J ero Lete tuvo un padre taurino. De niño, por mandato del aita, les llevaba bocadillos a los becerristas que pedían una oportunidad a las puertas de la plaza de Vitoria. Ahora Jero anda en lo de aficionar a su nieto. Egoitz se llama. Cuando tenía dos años le compró su primer traje corto. De Sevilla le ha traído un capote hecho a medida. Jero presidió durante años la Blanca. Y no le tembló el criterio ni siquiera aquel día que su hija tuvo que volverse a casa con un ramo de flores que hubiera sido para el Litri de no ser tan cumplidor su padre. Jero ya le ha prometido a su nieto ir a lo de Antonio Bañuelos, los toros que habitan el frío. A la fiesta le hacen falta muchos Jero Lete, tipos de una pieza, sin miedos, que, siendo mucho lo que saben de toros, es más lo que los aman. Y en Olivenza veo pocos padres y pocos abuelos. Peinaran canas, pero no son lo uno ni lo otro si no tienen el valor de compartir con sus hijos, con sus nietos, el tesoro de una tarde toros. Dicho queda.

Por lo demás, contentos.
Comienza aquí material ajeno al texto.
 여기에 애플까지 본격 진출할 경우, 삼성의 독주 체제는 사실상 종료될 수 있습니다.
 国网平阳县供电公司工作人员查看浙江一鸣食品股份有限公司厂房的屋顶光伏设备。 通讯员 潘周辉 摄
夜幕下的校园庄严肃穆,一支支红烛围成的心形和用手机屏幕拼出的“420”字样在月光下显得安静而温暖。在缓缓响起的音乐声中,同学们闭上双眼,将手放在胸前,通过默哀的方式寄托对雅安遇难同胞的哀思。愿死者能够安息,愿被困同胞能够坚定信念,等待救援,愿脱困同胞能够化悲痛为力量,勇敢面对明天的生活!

La lluvia, desde que llegaron los Chopera, cae a su hora. En ocasiones, todo sea por equilibrar los pesos, compro dos entradas para mis carnes. Este año, en el caos de la taquilla, casi me las dan separadas. Por lo demás, bien.

Con mi lindero de localidad charlo, entre otras cosas, del equipo médico. Del ya ausente de entre nosotros, aquel mocetón alegre que era Juan Luis Hernández de la Rosa, de Luis Carlos Franco, el genio tranquilo y del entrañable Isaac Ambel, tío de toreros de oro y de plata. Les cuento esto porque merece contarse. No digo el nombre, pero lo tiene y con él firma: «Yo le debo la vida al Doctor Ambel». Mi padre era médico, una profesión complicada, de esas que se van a dormir contigo. Así que me conmovió oír la sinceridad y la admiración con que se pronunciaron tales palabras. «Yo le debo la vida al Doctor Ambel». Sea.
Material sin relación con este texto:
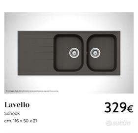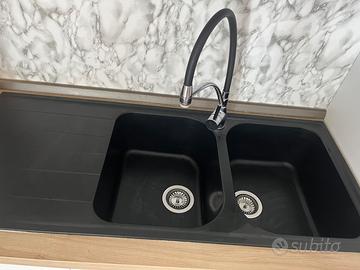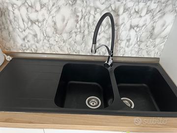Vendo lavello con due vasche e gocciolatoio nero e cappa nera ( la cappa non è mai stata usata ha ancora qualche sigillo ) lavello 6 mesi di vita. Misure lavello 116 x 50 x 21 cappa invece LARGHEZZA

Me llega un mensaje al móvil. Me lo anunciaron y ahora cumplen. La Filarmónica de Olivenza tiene la gentileza de dedicarme uno de sus pasodobles. Me han brindado toros, pero esto tiene tela. Un pasodoble solemne y entero, el Ragón Falez del Maestro Cebrián. Sonó en la faena de Ginés Marín a su primero. Gracias Juanma González Antúnez, gracias también al director y a todos los componentes de la Filarmónica oliventina. Sonó como un cañonazo y me lo llevo muy adentro.

Con los acordes de Ragón Falez aún en los oídos y en la retina la faena de Garrido a su segundo, un toro de genio sucio, tiro para el Mayla. Allí, al faltar Maxi, pregunto por él y me dan la triste notica del fallecimiento de su madre. La vida y la muerte; ayer un natalicio, hoy una despedida. Lo siento, Maxi. Como el toro, entre la vida y la muerte.

¿El resto? Uno que se cuela, otro que pontifica y un huracán peruano que sopló, pero a medio pulmón.

Así me ha ido la feria. Bernard, al final, consiguió el Marca y, de paso, que se lo firmara Diego Urdiales. María Ortíz, tras preguntarle a Vara, que también las usa, compró las sartenes de marras. De la concejala de Cuenca no he vuelto a saber. La tropa babazorra, tras darse un homenaje en Galaxia, está de ya camino a Vitoria. Para la Filarmónica mi gratitud y para le gente de Olivenza la promesa de volver. Olivenza, capital del toro. Año XXVII. Día cuatro. Se acabó.